## About this exercise
Quote exactly the lines from the one with "Preheat your oven" to the end of the data, both included; omit the pictures.

(Items listed in a dataset)

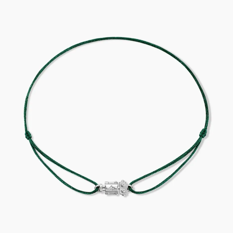 Bracelet Argent Blanc 925/1000 Robot Cordon Ajustable Vert 20cm
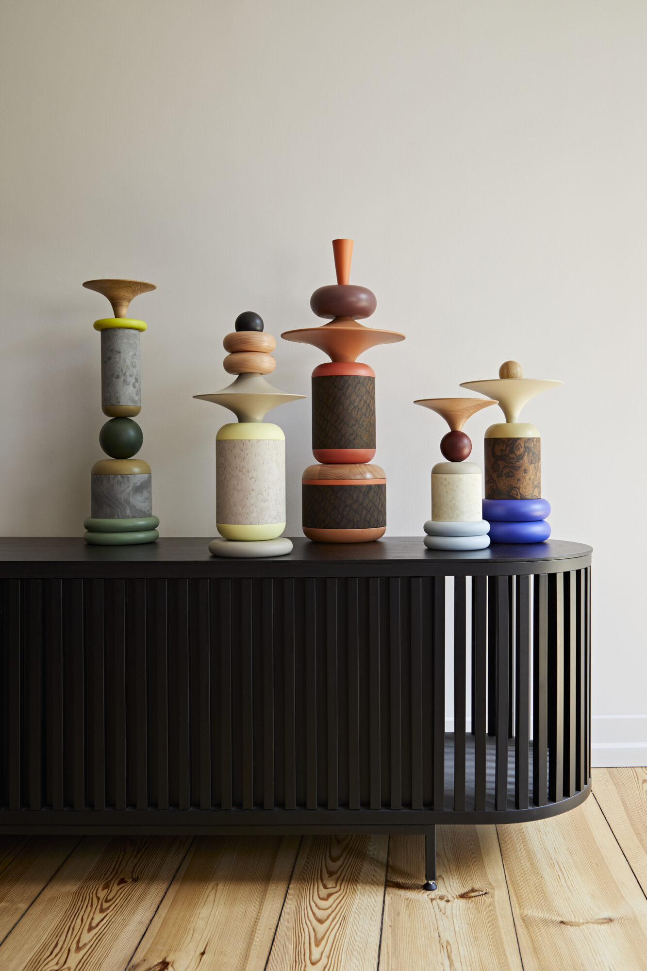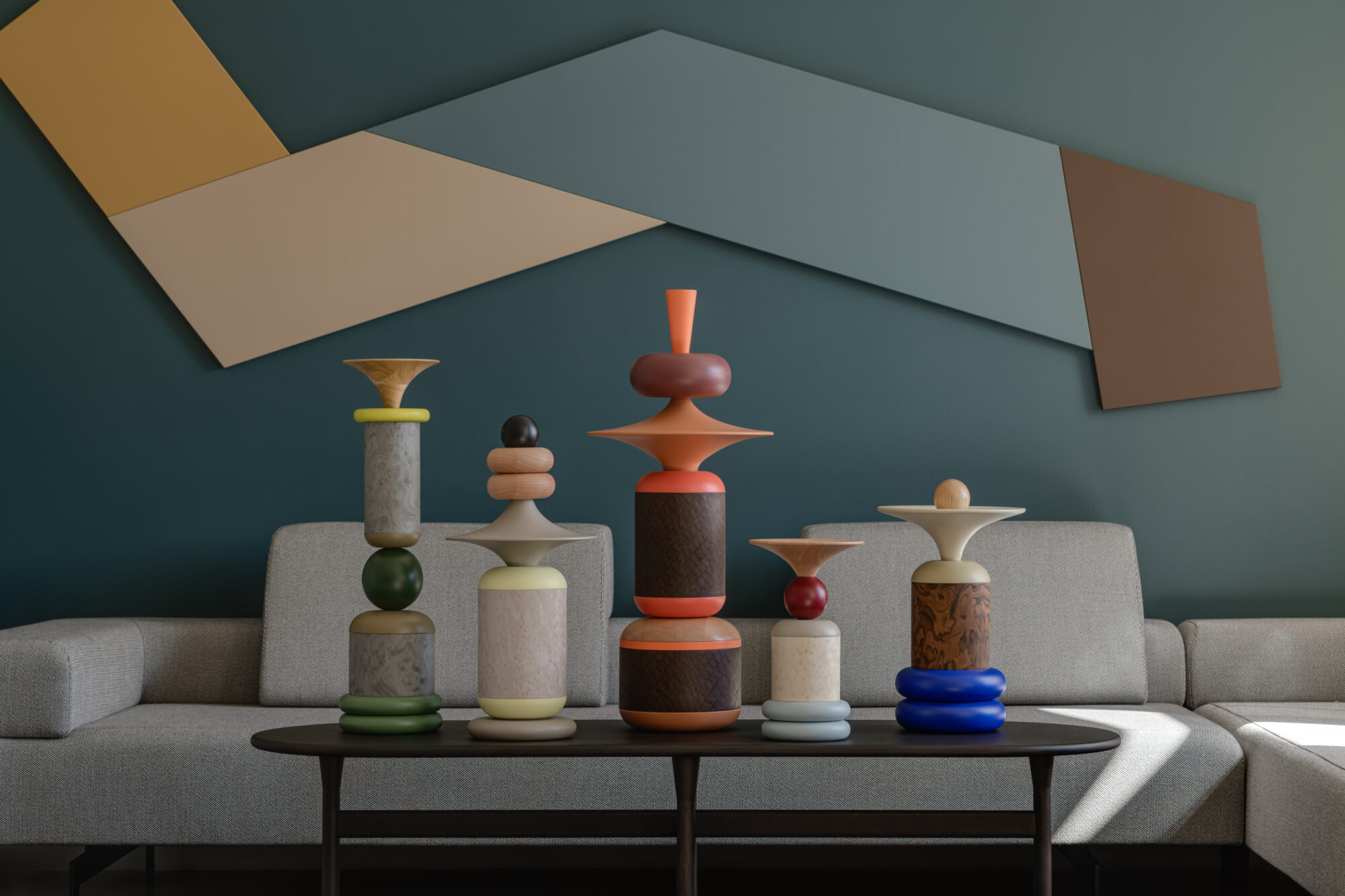 5 unikalnych totemów do wyboru W pięciu różnych rozmiarach totemów odkryjesz ich własny indywidualny charakter. Dzięki cylindrom tworzącym oś totemów oraz umiejętnie wykonanym kształtom „bączków” i „trąbek” totemy emanują kolistym ruchem, który podkreśla ich ręczne wykonanie. Kolorystyka tych obiektów dodaje życia i energii do wnętrz, tworząc urzekające punkty centralne o różnorodnych cechach, od spokojnych i stonowanych po energiczne i temperamentne. Projektantki Supergirls Do Design stworzyły dialog między charakterem tych unikalnych produktów a wnętrzami marki Noti. Ich zaokrąglone kształty, płynne kombinacje form i kolorów wypełniają wnętrza żywiołowością, energią i odrobiną zabawy.
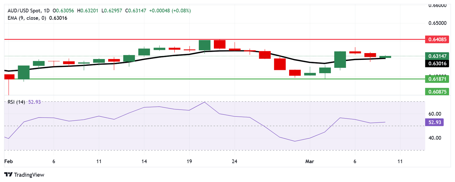 AUD/USD is trading near 0.6320 on Monday, with technical analysis of the daily chart indicating the pair remains slightly above the nine-day Exponential Moving Average (EMA), suggesting strengthening short-term momentum. Additionally, the 14-day Relative Strength Index (RSI) stays above 50, reinforcing a bullish outlook.
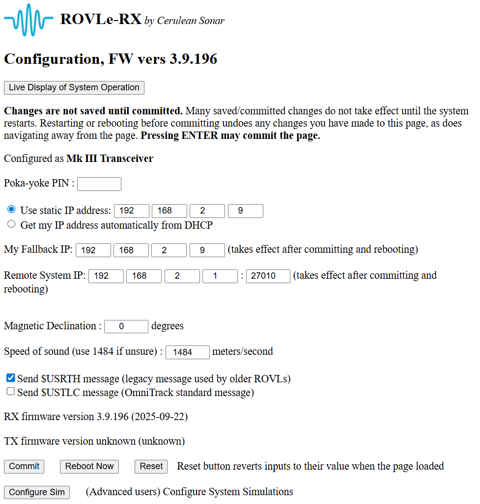 Every parameter you can set on this page is "sticky". Once committed, the values are saved in non-volatile memory and are in effect until changed.
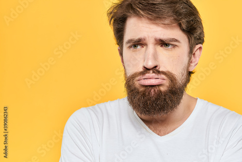 Man in white t-shirt emotions studio gestures with hands displeased facial expression yellow background
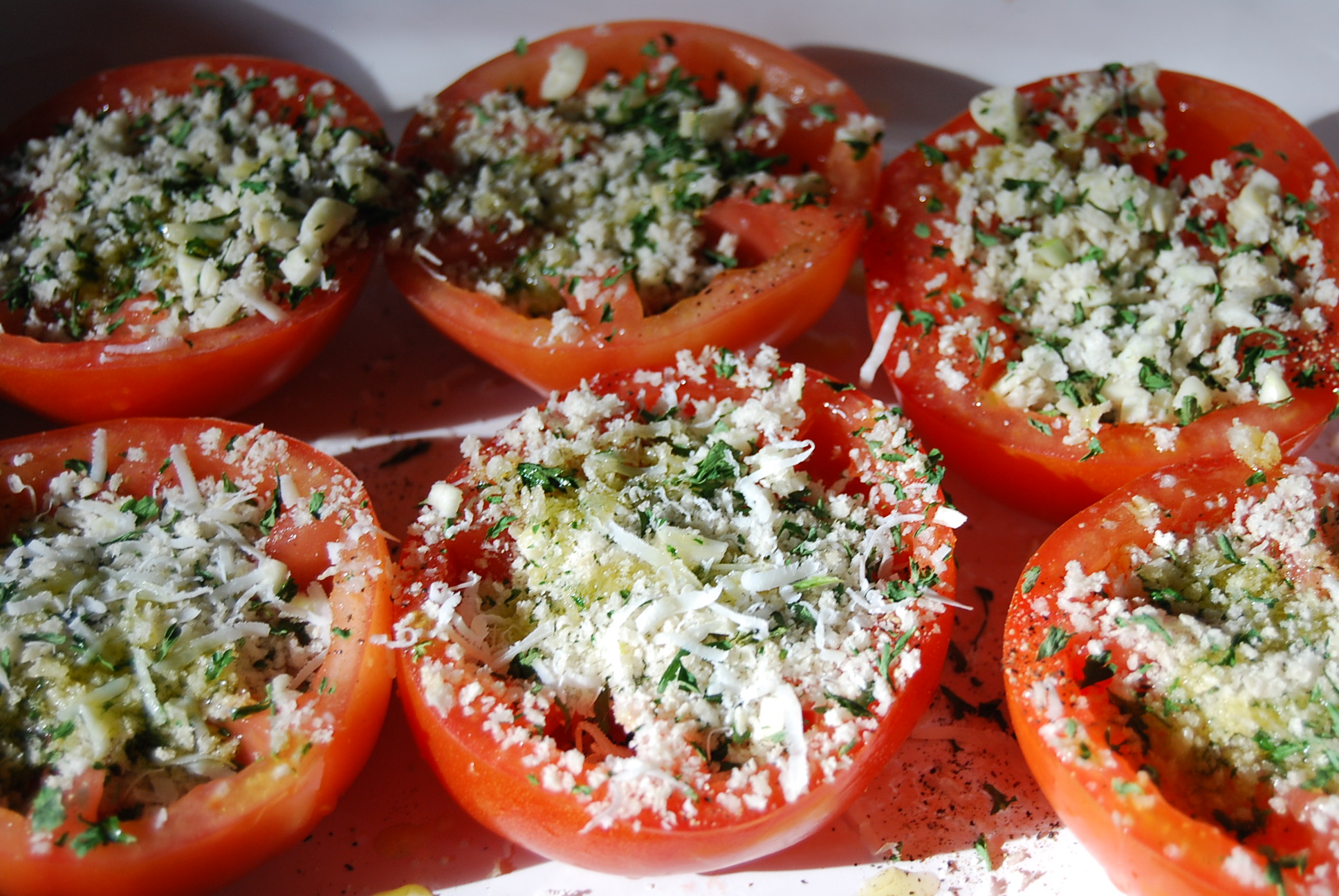 Preheat your oven to 375F. Lay out the tomatoes seed side up, in a large oven-proof baking dish. Scoop out some of the seeds to make more room for the breadcrumbs. Sprinkle with salt and pepper. In a small bowl, mix together the breadcrumbs, garlic and parsley. Using a small spoon, fill the tomatoes with the breadcrumbs mixture. Drizzle with some olive oil, top with parmesan, and bake for 30 minutes or until the tomatoes are softened and the breadcrumbs are golden brown. Serve immediately. Enjoy!
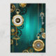 Jewellery, gold watch with a gold chain and keys on a green textural background. Steampunk style.

## Answer to this problem
 Preheat your oven to 375F. Lay out the tomatoes seed side up, in a large oven-proof baking dish. Scoop out some of the seeds to make more room for the breadcrumbs. Sprinkle with salt and pepper. In a small bowl, mix together the breadcrumbs, garlic and parsley. Using a small spoon, fill the tomatoes with the breadcrumbs mixture. Drizzle with some olive oil, top with parmesan, and bake for 30 minutes or until the tomatoes are softened and the breadcrumbs are golden brown. Serve immediately. Enjoy!
 Jewellery, gold watch with a gold chain and keys on a green textural background. Steampunk style.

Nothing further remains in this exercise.